The T-Bioinfo platform has several promising applications:
1. Potential for better physical examinations: Employing an automated, unsupervised method to analyze heterogeneous clinical and omics information, the Platform can determine how clinical signs of disease in a particular patient correlate with biological processes at the cell level.
2. Better population analytics: Patients can be grouped for optimizing applied drug care, where optimization is based on a network linking clinical data with omics biology of similar drug treatments in model animals and cell cultures.
3. Smarter clinical trial design: Effectively targeting patients’ clinical information with correlative omics data optimizes the likelihood of success of specific clinical trials.

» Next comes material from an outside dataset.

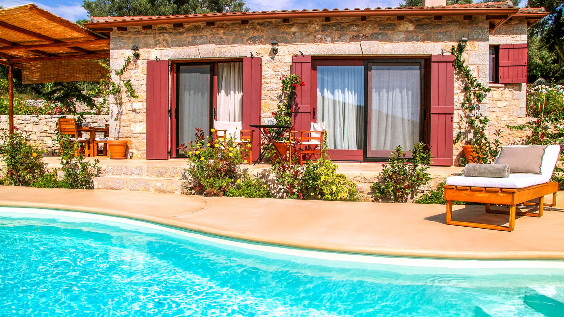 Um jeden Pool herum gibt es Holzsonnenliegen mit bequemen Kissen und persönlichen Handtüchern, eine Dusche, ein Tagesbett und Steinsofas im Schatten der Odas oder des natürlichen Schattens der umliegenden Bäume. All dies zusammen mit den bunten Blumen und Pflanzen bilden eine besondere Harmonie. Von den Farben des Sonnenaufgangs bis zum Sonnenuntergang, vom wohltuenden Tageslicht bis zum Nachthimmel, mit den Düften der Natur und den Geräuschen der Stille ist der Poolbereich definitiv der ideale Ort für die schönen Momente Ihres Urlaubs. Die Pools werden zweimal pro Woche vom Verantwortlichen gereinigt. Auf der Unterseite des Pools und des Grundstücks führt ein Weg einfach und schnell zum Meer. Dort können Sie im kristallklaren Wasser schwimmen oder ein Boot für weiter entfernte Erkundungen zu den schönen Stränden der Insel warten lassen.

4. Better clinical guidelines: Correlating underlying basic biology with patient symptoms will guide application of other available drugs and treatments.
5. Deeper biomarker understanding/discovery: Discovering the network of links between clinical data and omics biology in model animals and cell cultures under the same drug treatments might disclose key cellular elements/processes that are hubs of the disease regulation.
6. More efficient drug discovery: Revealing associations of a drug’s physico-chemical and structural descriptors with clinical efficacy has immediate application for drug design. The Platform’s capacity to disclose correlations of such descriptors with cellular processes as derived from omics data will offer rational screening databases of small molecules for more efficient drug development.